Mirat Haber Ajansı
İnsan Hakları İzleme Örgütü, iki ana rakip tarafın ateşkes anlaşması imzaladıktan sonra Libya’nın yıllardır süren çatışması sırasında işlenen suçlarda adalet ve hesap vermenin barış ve normalleşme için anahtar olduğunu söylüyor. Haklar grubunun kıdemli Libya araştırmacısı Hanan Saleh Perşembe günü, adaletin yerine getirildiğini görmemenin sadece kalıcı barış isteklerini engelleyeceği konusunda uyardı. Libya, 2011’de NATO destekli bir ayaklanmanın kıdemli lider Muammer Kaddafi’yi devirip öldürmesinden bu yana şiddete maruz kalıyor. O zamandan beri, Kuzey Afrika ülkesine silahlı gruplar hâkim olmuş, yerel çatışmalarla parçalanmış ve birbirine şiddetle zıt iki yönetim arasında bölünmüştü: Başbakan Faiz el-Sarrac başkanlığındaki BM tarafından tanınan Ulusal Mutabakat Hükümeti (UMH) ve darbeci general Halife Hafter ile bağlantılı doğudaki isyancı yönetim.

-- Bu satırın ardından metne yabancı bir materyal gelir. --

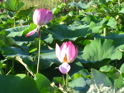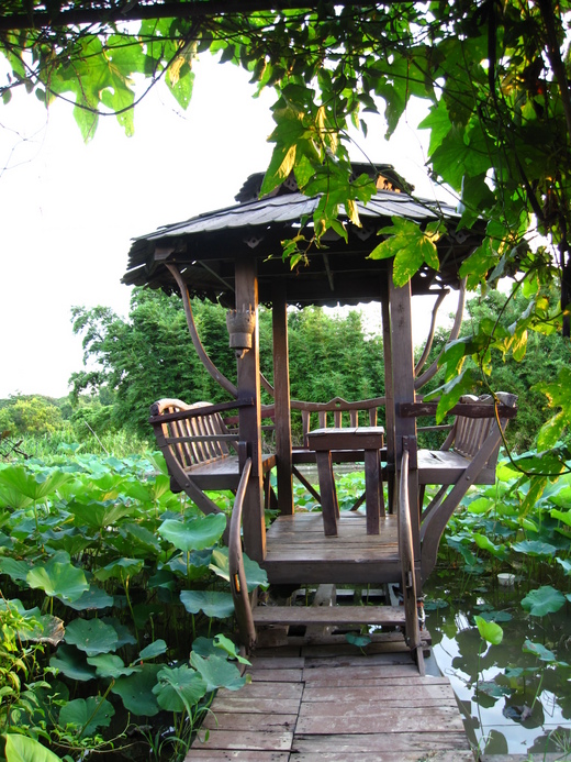 這亭子看來頗特別,小巧又吊高。晴日賞蓮, 歇坐古亭裡, 風吹心涼催人眠.
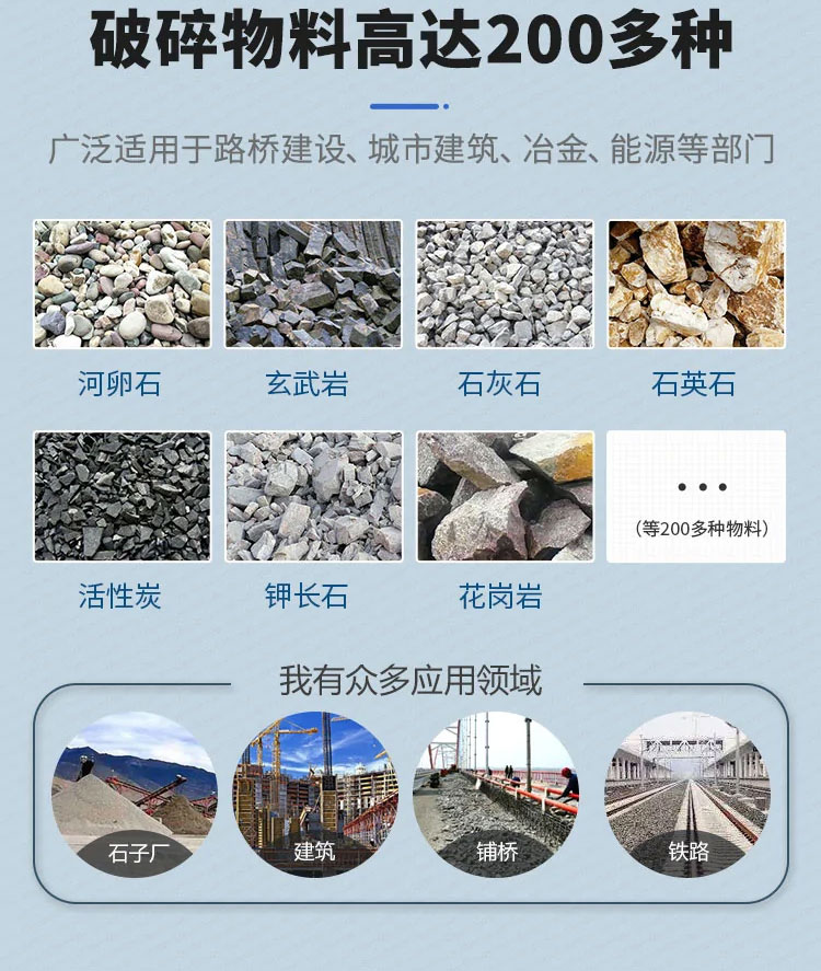 | 適應(yīng)物料: | 河卵石、花崗巖、玄武巖、鐵礦石、石灰石、石英石、輝綠巖、鐵礦、金礦、銅礦等物料 |
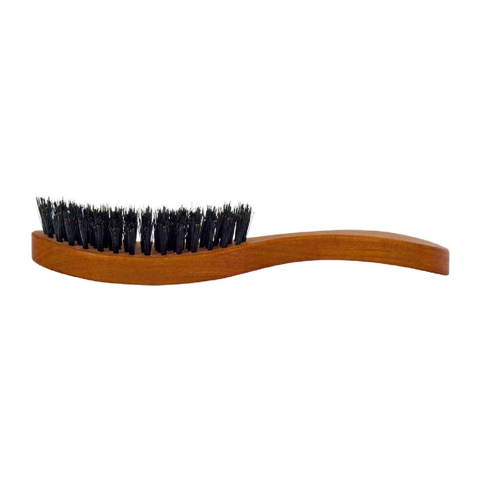 das geschwungene Holz ist der Kopfform angepasst, greift gut langes Haar
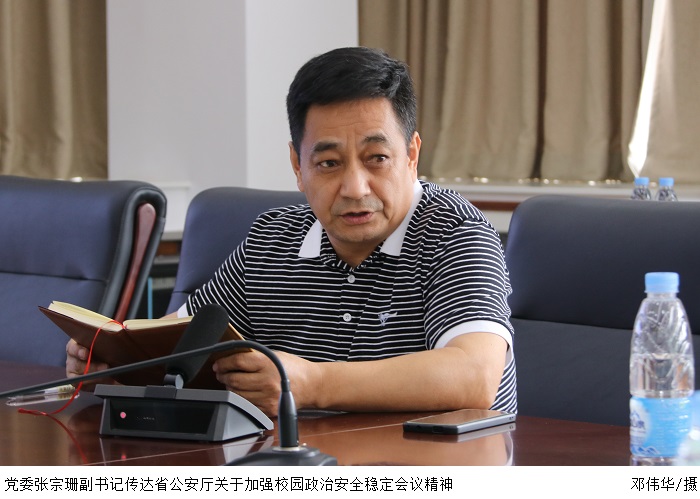 随后,党委张宗珊副书记传达省公安厅关于加强校园政治安全稳定会议精神。张东生书记强调安全无小事,伟德官网应按照省公安厅部署,做好安全保障工作,继续落实法纪、师德师风教育,进一步维护伟德官网的政治安全稳定。
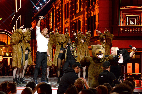 This year’s MTV Movie Awards co-hosts Dwayne Johnson and Kevin Hart mocked the bear scene in ‘The Revenant’ during the awards ceremony.

UMH ve Hafter’in sözde Libya Ulusal Ordusu geçtiğimiz Cuma günü Cenevre’de BM’nin sponsorluğunda yapılan görüşmelerin ardından kalıcı bir ateşkes anlaşması imzaladı. Anlaşma, Hafter’in Rusya ve Birleşik Arap Emirlikleri destekli güçlerinin, yüzlerce kişiyi öldüren ve on binlerce kişiyi yerinden eden bir savaş olan başkent Trablus’u ele geçirme girişimlerinden vazgeçmesinden dört ay sonra geldi. Düzinelerce Libyalı delege, dönüm noktası niteliğindeki anlaşmanın ardından seçimlerin yapılmasına yönelik bir adım olarak Pazartesi günü video konferans yoluyla siyasi bir diyalog başlattı. Ancak Saleh, ateşkesin açık bir taahhüt ve dış destekli savaşan taraflarca işlenen ciddi suçlar için adalete hesap verebilirliğe giden bir yol arz etmediğini kaydetti. Buna sivilleri öldüren ayrım gözetmeyen saldırılar, kritik altyapının tahrip edilmesi, kaybolmalar, keyfi gözaltılar ve yasadışı cinayetler de dahildir. Haklar grubuna göre diğer bir kusur, anlaşmada terhis edilecek ve devlet güvenlik güçlerine entegre olacak savaşçıların hesap vermeleri üzerine yakalama taahhüdünün olmaması.